Pengelolaan lahan alang-alang dapat dilakukan dengan 3 cara yaitu dengan pengendalian kimia, biologi dan fisik. Pengelolaan hama terpadu lebih disarankan pada pengendalian secara fisik dan biologi. Karena kalau misalnya dilakukan dengan kimia (herbisida) jika lahan alang-alang tersebut kering, maka berpotensi menjadi penyebab kebakaran yang akan menyebabkan tanah menjadi kurang subur serta memungkinkan hilangnya mikroorganisme tanah.

1. Pengendalian alang-alang secara fisik

Penggilasan alang-alang merupakan teknik perlindungan terhadap kebakaran yang biasa dalam pemeliharaan permudaan alam dan sgroforestry. Penggilasan bisa juga disebut penggulungan. Hamparan alang-alang dirobohkan rata dengan permukaan tanah melalui penekanan dengan menggunakan balok kayu (seperti gerakan menumbuk) atau dengan menggunakan tong (tabung silinder) berat yang didorong menggelinding di atas hamparan alang-alang. Penggilasan akan merobohkan batang pokok alang-alang seperti pipa air plastic yang dibekuk, dan beratnya biomass alang-alang kan membantu mempertahankan alang-alang pada posisi roboh. Dengan demikian alang-alang dan rumput lain di bagian bawah akan mati. Kendala: kebakaran akan tetap akan terjadi walaupun alang-alang telah digilas. Namun demikian kebakaran akan berlangsung lebih lambat, dan bila tegakan alang-alang bisa dikurangi mencapai 25 cm dari permukaan tanah maka tinggi kobaran api diperkirakan sekitar 50 cm, dimana pada ketinggian ini api relative masih mudah untuk dipadamkan.

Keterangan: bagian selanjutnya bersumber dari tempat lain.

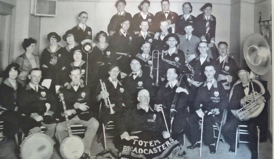 Totem Broadcasters band. Note the Totem Broadcasters logo on their jackets

Keuntungan dari penggilasan :

  1. Penggilasan alang-alang sangat mengurangi kobaran api, karena terganggunya sirkulasi udara pada tumpukan alang-alang.
  2. Alang-alang yang tumbuh kembali setelah penggilasan hanya sekitar 20 – 60% dibandingkan kecepatan tumbuh kembali setelah penebasan. Oleh karena itu penggilasan itu tidak perlu diulang terlalu sering seperti pada penebaan.
  3. Penggilasan lebih mudah dilakukan daripada penebasan. Seorang pekerja yang kuat dan berpengalaman dapat melakukan penggilasan sekitar 900 m2 per hari. Bahkan penggilasan dapat dilakukan oleh wanita dan anak-anak.
  4. Penggilasan dapat membnatu mengurangi naungan alang-alang terhadap tanaman lain (misalnya anakan pohon)
  5. Memudahkan orang berjalan pada alang-alang setelah penggilasan.
  6. Penggilasan alang-alang merupakan mulsa bagi tanah, biomas bagian bawah kan mulai terdekomposisi dalam waktu beberapa minggu dan gulma lain dapat dicegah.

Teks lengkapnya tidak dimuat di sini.